In fact, you can even optimize the Map phase somewhat before you even get to the Combine step by aggregating a little bit beforehand, as memory allows. For example, you can keep a LRU cache that aggregates values, and when something falls out of the cache, you emit that word's count. You might end up with things like (the, 512), (cat, 3), (hat,4), (cat,1) due to how the cache works, but that’s much more compact that 512x (the,1) entries.
Depending on the exact workload, it might be worth writing one, or both, of these optimizations.
3. Shuffle (transparent to the user)
This step is largely transparent to the user, but is good to know about because it actually lets the Reduce code work cleanly in the way it does. It also shows up as a very time intensive phase of an MR job, so users inevitably will ask what the shuffle step is actually doing.
The shuffle is something of a footnote in the original Google paper, it’s mentioned primarily in the a section on Sorting, because the shuffle is the step that provides a kind of sorting functionality in MR.
Officially, Shuffle is tasked with sorting all the keys that are coming out of the Map phase, the Google paper mentions that it guarantees that the keys (not the values) are sorted monotonically increasing: (a,1), (a,5), (a,2), (b,123), (d,55).
This behavior is very much similar to the Unix sort function.
All those sorted keys are then divided amongst the various Reducer workers. One quirk that makes the system work is that all the reducers (effectively) see only 1 key at a time. The reducer function is called anew whenever it hits a new key.
While the Shuffle is considered a bit of an incidental step, you wind up having to indirectly optimize it while working. The shuffling takes longer when you have to move lots of data around, and can be made better, or worse, due to how you aggregate and emit keys. The combiner step is one way to help optimize the shuffle. Similarly, filtering operations within the Map can also be very effective because it will reduce the total amount of data being moved around by the entire MR job.
4. Reduce
The easiest way to think about the reducer function is they take all the values of a single key and iterate over all the values of the key in arbitrary value order. In our word counting example, a reducer would get all the values of “the”, the hundreds of thousands of ‘1’s, and it would just sum up all the values. When it runs out of values for the key, it will emit a single sum: (the, 154214). This would be the final count of the word in the corpus of data.

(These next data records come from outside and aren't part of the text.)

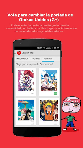 Y ahí no acaba todo, OtakUn esta en estrecha relación con la Comunidad de Google+ Otakus Unidos. Podremos ver información de los moderadores, acceder a sus perfiles de OtakUn o Google+, ver la lista de Hashtags creados en la Comunidad, y votar cual es la portada que más nos gusta para la comunidad.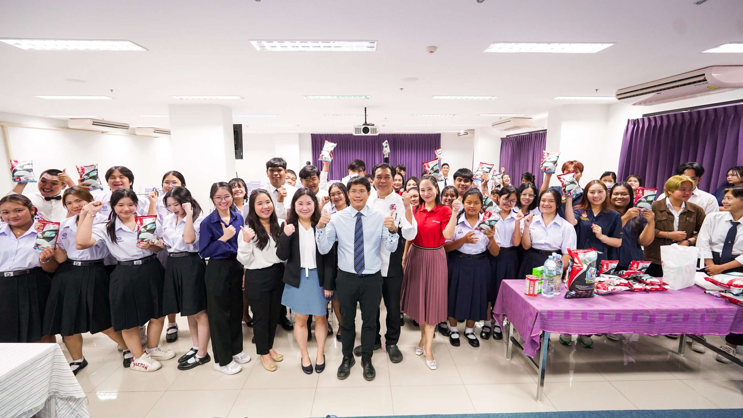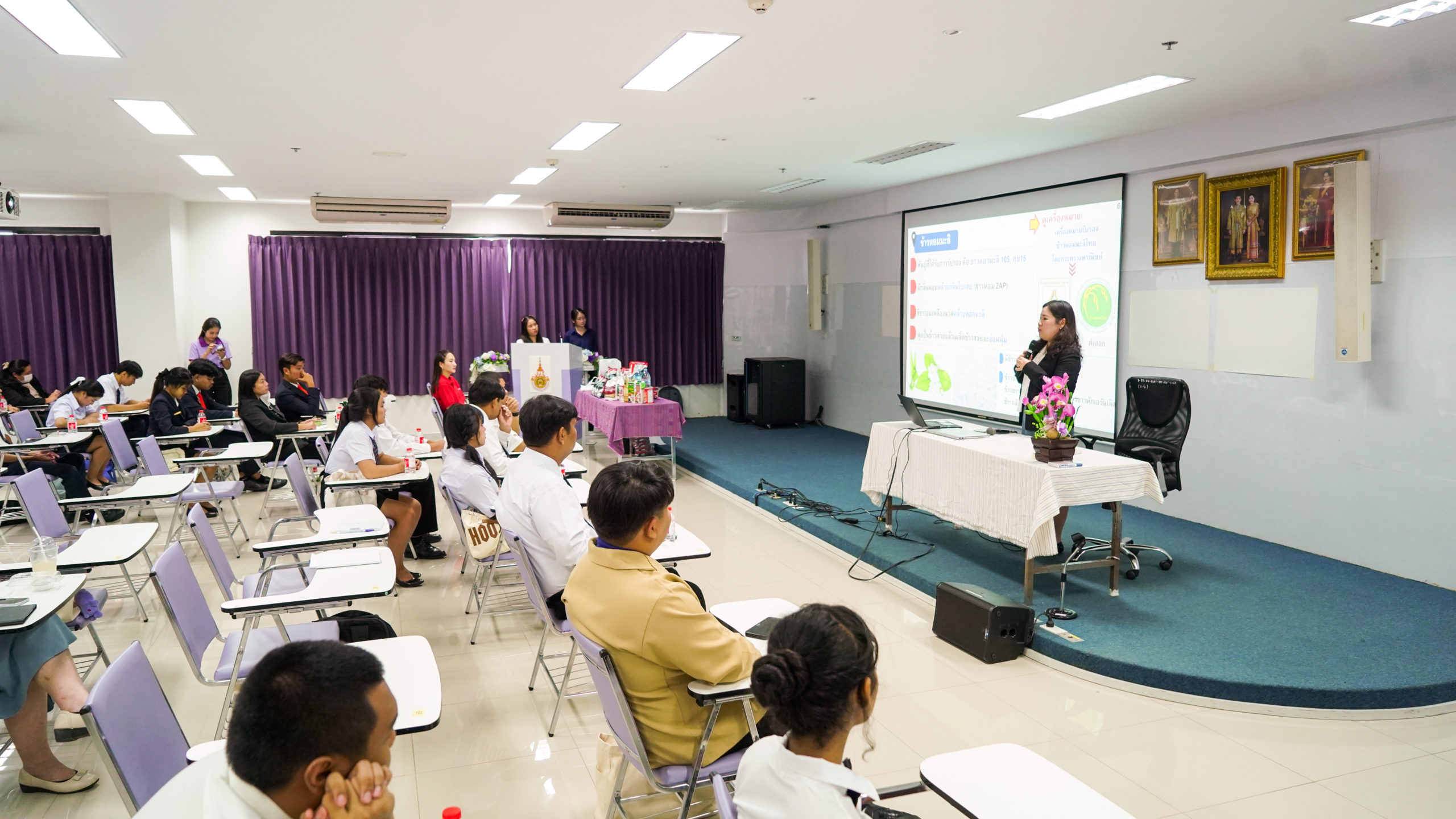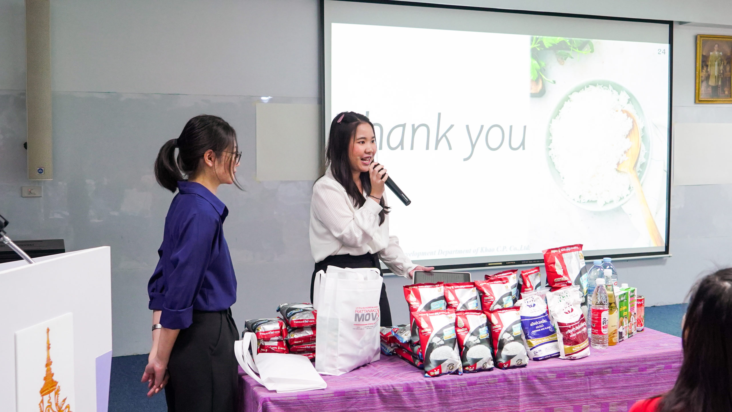 คุณเด่นเดือน พืชเกื้อกูล ผู้จัดการฝ่ายวิจัยและพัฒนาผลิตภัณฑ์ พร้อมด้วยทีมงานตัวแทนจากข้าวตราฉัตร ร่วมเป็นวิทยากรให้ความรู้เรื่องข้าวพร้อมแนะนำการจำแนกชนิด องค์ประกอบของเมล็ดและเทคนิคการหุงข้าว สร้างความเชื่อมั่นในคุณภาพข้าวไทยและร่วมเป็นส่วนหนึ่งในการผลักดัน Soft Power ด้านอาหารไทยนำชื่อเสียงไปยังระดับเวทีโลก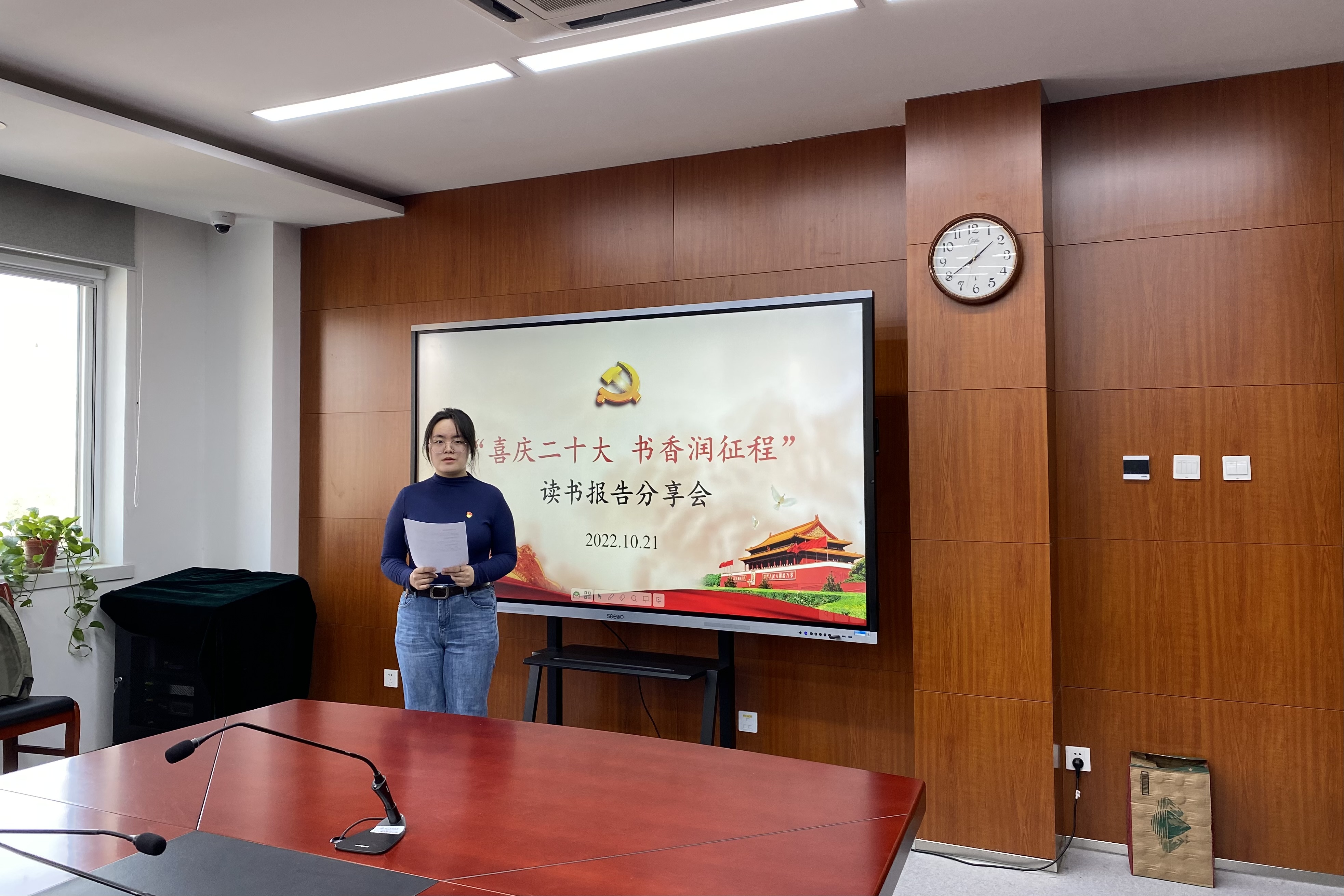 为了庆祝党的二十大胜利召开,深入学习宣传贯彻党的二十大精神,落实高校立德树人的根本任务,营造“爱读书、读好书、善读书”的学习氛围,培养“善钻研、勤思考”的法科人才,10月21日中午,法公司党员工作站、团委联合举办“喜庆二十大,书香润征程”读书交流活动。2026世界杯官网副经理(主持工作)陈敦、副经理董彪、马克思主义学院教师刘好、辅导员王静誩、侯怡冰及本研部分同学参加本次活动,活动由党员工作站站长董洋主持。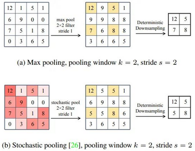 - 只需对 feature map 中的元素按照其概率值大小随机选择,即元素值大的被选中的概率也大。而不像最大池化 (Max pooling) 那样,永远只取那个最大值元素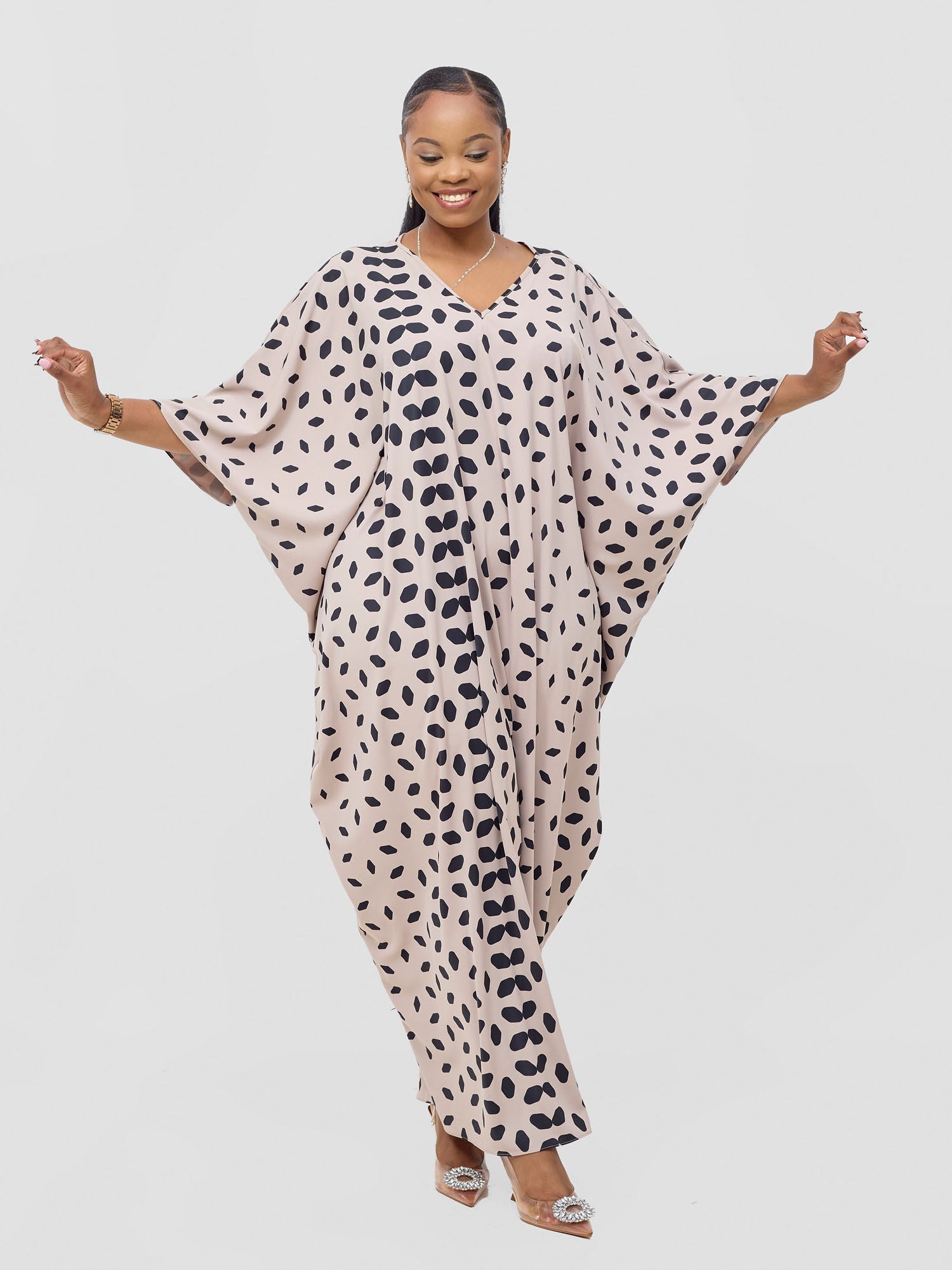 Vivo Ayla Maxi Kaftan Dress - Tan / Black Ila Print

BUT, that’s a bit of an oversimplification.
If you look back at the original description of the Reduce step, it says it gets “a set of values for that key”. It doesn’t say any single reducer gets ALL the values at once. How could we get the count value with such a setup? It relies on the fact that the reducer code needs to be idempotent. You can run the Reducer on the data multiple times, on the whole set at once, or a bunch of subsets and then the results of those subsets, and still come to the same final answer.
In our case, the “sum up the values for the key, report the sum” is idempotent, so if the list of (the,1) entries is too long, MR can split it across a ton of machines knowing that the same key has been distributed, and run the Reducer function a bunch of times until it stops changing. That would yield the correct final result.
Why subqueries are so important these days
When you think about how to optimize a relational database queries, subqueries are pretty high in the list of things you do not want to use, because they typically create these un-indexed tables in memory that might potentially spill to disk and be very slow.
This is often the opposite case for a MapReduce-backed noSQL database.
Since indexes don’t really exist in MR, and most steps are spilled to disk between steps anyways, the downsides of a subquery doesn’t matter. Instead, you get one big upside: early filtering.
Most subqueries wind up cutting down the number of entries that are processed. That means less data is transmitted in shuffle and reduce steps. That has knock-on effects on the amount of work done later on.
So how do joins work?
So far we’ve been dealing with a single data source, but what if we need to join data from a second table (or more) to do our analysis, like say, count words provided someone searched for it yesterday on Wikipedia? We need a JOIN of some sort. How would we do this?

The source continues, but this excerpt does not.